このような意味で「表象文化論学会」は一つの指標を示してくれる。表象文化論は雑誌や本を通して、アカデミックな領域だけではなく、一般の読者にまで浸透してきた。また、去年設立した「学会」は、発表、意見交換、討議のための「空間」を創出し、その地盤をより確かにしているといえる。今回、「大会」に参加し、感じたことは、この「空間」が実質的に存在するということであり、高度な探求や新鮮な問いを見ることができたということである。

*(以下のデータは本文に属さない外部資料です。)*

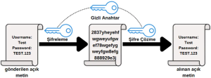 Simetrik Kriptografi: Şekil 3’te de görüldüğü üzere simetrik şifrelemede tek anahtar bulunur. Bu anahtar veriyi hem şifreler hem de şifreyi çözer. Örnek olarak kapı anahtarı verilebilir hem kapıyı kilitler hem de kilitli kapıyı açar. En yaygın kullanılan simetrik algoritmalar AES-128, AES-192 ve AES-256’dır.
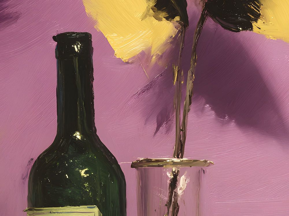 Dieses lebendige Stillleben zeigt ein faszinierendes Zusammenspiel von Farbe und Form. Eine grüne Flasche steht prominent neben zarten Blumen, deren Blütenblätter in kräftigen Gelbtönen und tiefem Schwarz gehalten sind, vor einem sanften violetten Hintergrund. Die Pinselführung vermittelt ein Gefühl von Bewegung, als würden die Blumen im Licht tanzen. Dieses Werk lädt den Betrachter dazu ein, die Schönheit alltäglicher Gegenstände zu schätzen, und verwandelt sie in einen lebhaften Gesprächsaufhänger. Dieses Kunstwerk ist perfekt, um Ihrem Raum einen Hauch von Farbe und Persönlichkeit zu verleihen, und wird jeden Raum aufhellen.
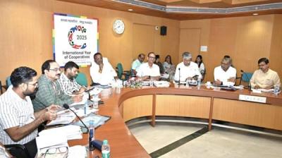 भोपाल : अन्तर्राष्ट्रीय सहकारी वर्ष, 2025 के दौरान अपेक्स बैंक के प्रदेश के शाखा प्रबंधकों की बैठक बुधवार को अपेक्स बैंक समन्वय भवन स्थित सभागार में हुई। इस अवसर पर बैंक के प्रबंध संचालक मनोज गुप्ता ने शाखाओं द्वारा की गई अमानत संग्रहण, ऋण वितरण, वसूली एवं बीमा योजनाओं की समीक्षा करते हुये निर्देशित किया कि प्रतिस्पर्धा के दौर में अपने आप को बेहतर साबित करने की दिशा में सभी अधिकारी पूरी ईमानदारी एवं लगन से अपने उत्तरदायित्वों का निवर्हन करें। उन्होंने 22 अक्टूबर तक चलने वाले बचत माह के दौरान व्यक्तिगत हितग्राहियों को विभिन्न प्रयोजनों यथा - आवास एवं अचल सम्पत्ति के बंधक पर ऋण पर 8.00 प्रतिशत, वाहन ऋण 8.50 प्रतिशत एवं आवास ऋण 9.00 प्रतिशत ब्याज पर उपलब्ध कराने के प्रयास करें।
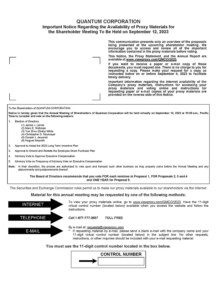 QUANTUM CORPORATION Important Notice Regarding the Availability of Proxy Materials for the Shareholder Meeting To Be Held on September 12, 2023 This communication presents only an overview of the proposals being presented at the upcoming shareholder meeting. We encourage you to access and review all of the important information contained in the proxy materials before voting. This Notice, the Proxy Statement, and the Annual Report are available at www.viewproxy.com/QMCO/2023. If you want to receive a paper or e-mail copy of these documents, you must request one. There is no charge to you for requesting a copy. Please make your request for a copy as instructed below on or before September 4, 2023 to facilitate timely delivery. Important information regarding the Internet availability of the Company’s proxy materials, instructions for accessing your proxy materials and voting online and instructions for requesting paper or e-mail copies of your proxy materials are provided on the reverse side of this Notice. To the Shareholders of QUANTUM CORPORATION: Notice is hereby given that the Annual Meeting of Shareholders of Quantum Corporation will be held virtually on September 12, 2023 at 10:30 a.m., Pacific Time to consider and vote on the following matters: 1. Election of Directors. (1) James J. Lerner (2) Marc E. Rothman (3) Yue Zhou (Emily) White (4) Christopher D. Neumeyer (5) Donald J. Jaworski (6) Hugues Meyrath 2. Approval to Adopt the 2023 Long Term Incentive Plan 3. Approval to Amend and Restate the Employee Stock Purchase Plan 4. Advisory Vote to Approve Executive Compensation 5. Advisory Vote on Frequency of Advisory Vote on Executive Compensation Note: In their discretion, the proxies are authorized to vote upon and transact such other business as may properly come before the Annual Meeting and any adjournments and postponements thereof. The Board of Directors recommends that you vote FOR each nominee in Proposal 1, FOR Proposals 2, 3 and 4 and ONE YEAR for Proposal 5. The Securities and Exchange Commission rules permit us to make our proxy materials available to our shareholders via the Internet. Material for this annual meeting may be requested by one of the following methods: To view your proxy materials online, go to www.viewproxy.com/QMCO/2023. Have the 11-digit virtual control number (located below) available when you access the website and follow the instructions. Call 1-877-777-2857 TOLL FREE By e-mail at: requests@viewproxy.com * If requesting material by e-mail, please send a blank e-mail with the company name and your 11-digit virtual control number (located below) in the subject line. No other requests, instructions, or other inquiries should be included with your e-mail requesting material. You must use the 11-digit control number located in the box below. CONTROL NUMBER
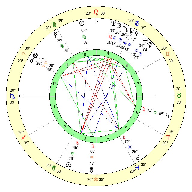 | Mercury | 25 Virgo 9 | 16 Leo 6 | 0 Capricorn 38 |
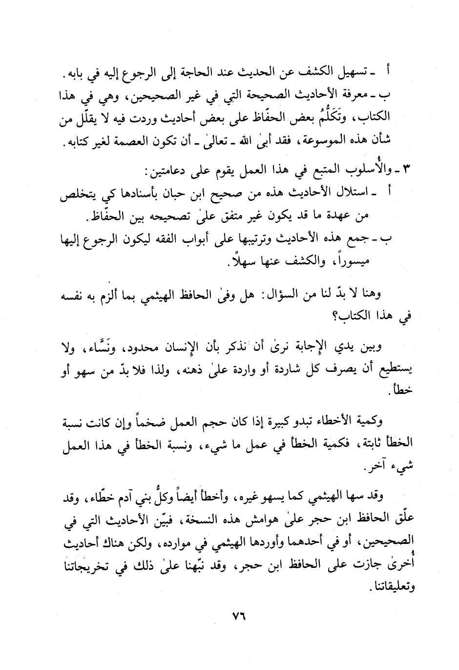 وقد سها الهيثمي كما يسهو غيره، وأخطأ أيضاً وكلُّ بني آدم خطّاء، وقد علّق الحافظ ابن حجر على هوامش هذه النسخة، فبيّن الأحاديث التي في الصحيحين، أو في أحدهما وأوردها الهيثمي في موارده، ولكن هناك أحاديث أُخرى جازت على الحافظ ابن حجر، وقد نبّهنا على ذلك في تخريجاتنا وتعليقاتنا.

大会一日目の「拡張するユマニテ、揺動する表象」は、自らが参加したシンポジウムではあるが、他のパネリスト、コメンテーター、また司会者のおかげで、有意義なものになったのではないかと思う。ここで主題となった「ポストヒューマン」と、全体性に抗うという意味での「エンボディメント」への問いは、異なるディスシプリンや探求の仕方で 多様な側面を表し始める。佐藤良明氏が映画「セブン」を用いて説明する「動物化する人間」は、プレヒューマンとポストヒューマンの関係を示唆し、山内志朗氏の中世から近世にかけてのrepraesentatioの移行は、情報化社会における「インフォメーション」を根本的に考える契機を与えてくれる。リピット水田尭氏が、映画「Deanimated: The Invisible Ghost」を通して語った、音声を消し、映像の中で口をふさぐこと――expressionを封じ込めること、によって起こる奇妙さや違和感は、まさにメディアという全体性の中で起きる「エンボディメント」を意味しているように感じられる。「ポストヒューマン」という主題のもとで、話をダイナミックに展開できたのは、北野圭介氏の、本質的に議論にもってゆくアプローチに負うところが大きい。私も建築を通して少しでも関与できたとしたら, 幸いだが。

巻上公一氏とマキガミックテアトリックスによるパフォーマンスは、演劇がもつ面白さを最大限に活かした「実験」であるように感じられた。「宇宙語」は、それがもつ意味を知ることができないが、肉声である限り、音やリズム、そして発声するパフォーマーの身体を同時に伝達する。また、それは、何を伝えているのか分からないが、何かを伝える言葉であるということを感じさせるものでもある。そのような意味で、オーディエンスの側の文脈で意味が生成してくるような、またはしないような、そんなアンビヴァレンスを感じさせる作品ではないだろうか。肉声が機械音のように、機械音が肉声のように聞こえてくるのも、興味深い点である。しかし、このような意見は、専門知識を持たず、かつ、直前のシンポジウムの主題「ポストヒューマン」の影響下で見てしまった私が見当はずれなことを言っているようにも思える。

二日目、「開化と啓蒙――近代日本における知の変容と再配置」の発表では,日本の近代化における「内部性」、「外部性」の問題について、鋭い着目点や論理の展開を見ることができた。武田将明氏の「仮構の内発性」、大橋完太郎氏の「二つの啓蒙」、金杭氏の、丸山真男の福沢解釈から生まれる「個人の決断と国家主義」、いずれもナショナリズムについてのディスコースを前進させる契機となるような論文である。日本近代建築におけるナショナリズムの変遷とも相通ずるところがあり、非常に参考になったセッションである。

時間の関係上、二日目のセッションを多く参加することができなかったが、参加したものは、どれも充実した興味深いものだった。そして何よりも、多様性を包括するこの学会のスタンスが魅力的であった。ぜひまた参加したい学会である。最後に、準備、裏方で努力してくれた方々に感謝したい。